The much-hyped Rio de Oro Boulevard — built to decongest downtown traffic — remains largely closed, two years after inauguration. Meant to carry 40,000 vehicles daily, it serves joggers and Zumba dancers instead.
City engineers say connecting roads aren’t ready. Commuters call it incompetence.
“A brand-new road you can’t drive on — that’s classic Kagay-an,” quipped a jeepney driver who passes the locked gates daily.
Other projects, too, have stalled amid questions of necessity or consultation.
A proposed pedestrian overpass near Masterson Avenue schools sparked protests for lack of study. Each delay erodes public faith in the city’s billion-peso “Build” mantra.
Can money buy governance?
As the City Council weighs the budget line by line, the question is no longer how much Cagayan de Oro spends — but whether it learns.
The mayor’s team promises quarterly progress reports and civil-society oversight. Council leaders vow scrutiny. Yet residents have heard these vows before.
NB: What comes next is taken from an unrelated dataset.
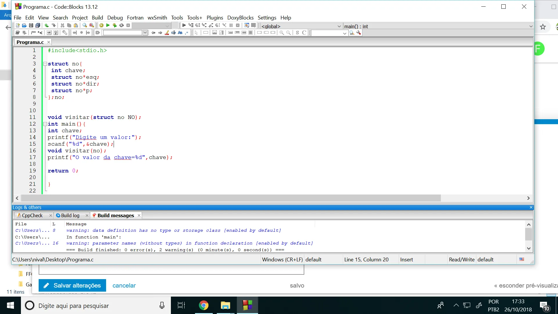 Essa função que lida com o No esta esquisita. Vc não usa void solto assim.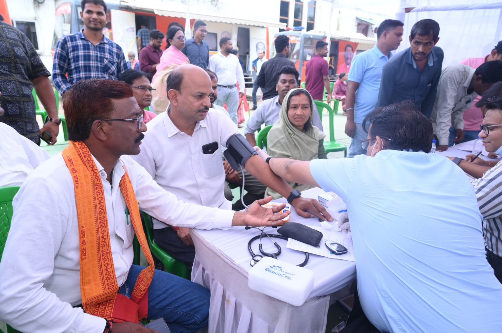 रायगढ़ में हुआ श्रमिक स्वास्थ्य जाँच शिविर का आयोजन*रायगढ़, 16 सितम्बर 2025/ छत्तीसगढ़ राज्य स्थापना के 25 वर्ष पूर्ण होने पर वर्ष 2025 को रजत जयंती वर्ष घोषित किया गया है। इस अवसर पर जिले में आज श्रम विभाग, औद्योगिक स्वास्थ्य एवं सुरक्षा, ईएसआईसी और ईएसआईएस के संयुक्त तत्वावधान में श्रमिक स्वास्थ्य जाँच शिविर का आयोजन किया गया। रायगढ़ के न्यू ऑडिटोरियम हॉल, पंजरी प्लॉट में आयोजित इस शिविर में लगभग 1200 श्रमिकों का नि:शुल्क स्वास्थ्य परीक्षण किया गया। जिसमें रक्तचाप, मधुमेह, हिमोग्लोबिन, नेत्र परीक्षण सहित महिला श्रमिकों के लिए विशेष स्त्री रोग परामर्श की सुविधा भी उपलब्ध रही।

The woman dodging trash piles on her morning commute wants garbage collected before the mayor’s photo op.
The health worker logging dengue cases wants vaccines that arrive before the outbreak.
The driver sweating in traffic wants the river road opened, not just mentioned in speeches.
The numbers may be historic.
But until the city’s billions translate into cleaner streets, safer clinics, and open roads, they remain what they’ve long been in Cagayan de Oro — figures on a page, waiting to be believed.